Quuxplusone commented 6 years ago
Bugzilla Link PR36805
Status NEW
Importance P enhancement
Reported by Max Moroz (mmoroz@chromium.org)
Reported on 2018-03-19 12:13:29 -0700
Last modified on 2018-03-28 11:19:35 -0700
Version unspecified
Hardware PC Linux
CC davidxl@google.com, kcc@google.com, llvm-bugs@lists.llvm.org, vsk@apple.com
Fixed by commit(s)
Attachments
Blocks
Blocked by
See also

The issue seems to be a regression of https://bugs.llvm.org/show_bug.cgi?id=23499

TL;DR somehow we are getting duplicated profile data records pointing to the same counter, that leads to counter values being duplicated.

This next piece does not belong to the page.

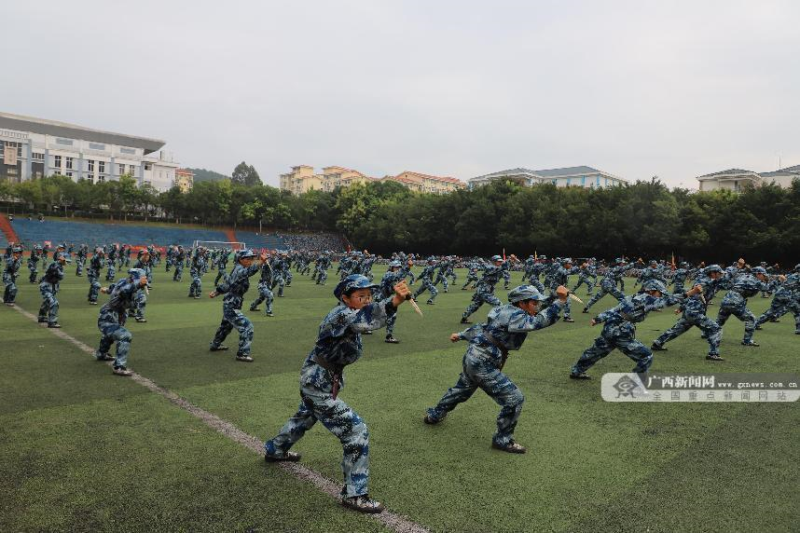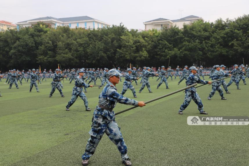 广西新闻网崇左9月28日讯(通讯员 秦敏 黄旭华)9月27日上午,太阳集团2138举行2023级学生军训自训成果展示大会。伴随着分列式进行曲,经过十余天紧张训练的参训新生排成方阵,身着戎装、精神饱满,以标准的军姿、高昂的士气、铿锵的步伐,意气风发地依次走过主席台,拳术、棍术、警棍盾牌、匕首操、战术表演等方队带来气势磅礴的军事项目表演。

Quuxplusone commented 6 years ago

Vedant, David, could you please take a look?

As far as I understood after reading https://bugs.llvm.org/show_bug.cgi?id=23499, the issue was fixed almost ~3y ago in: https://reviews.llvm.org/rL238335 + https://reviews.llvm.org/rL238351

However, I'm experiencing the same issue now when trying to build unittests in Chrome using r325667.

Quuxplusone commented 6 years ago

Do you have a small reproducer for the issue?

Quuxplusone commented 6 years ago

Unfortunately no, only relatively large unittests binary. I'll see if we can create a smaller one to reproduce that, but not sure how easy that would be.

Quuxplusone commented 6 years ago
I've just compared two profile data records for that function, and one of them
has 0 value in FunctionPointer, while the other has a valid value. Can that be
related to the problem that I got two records pointing to the same counter?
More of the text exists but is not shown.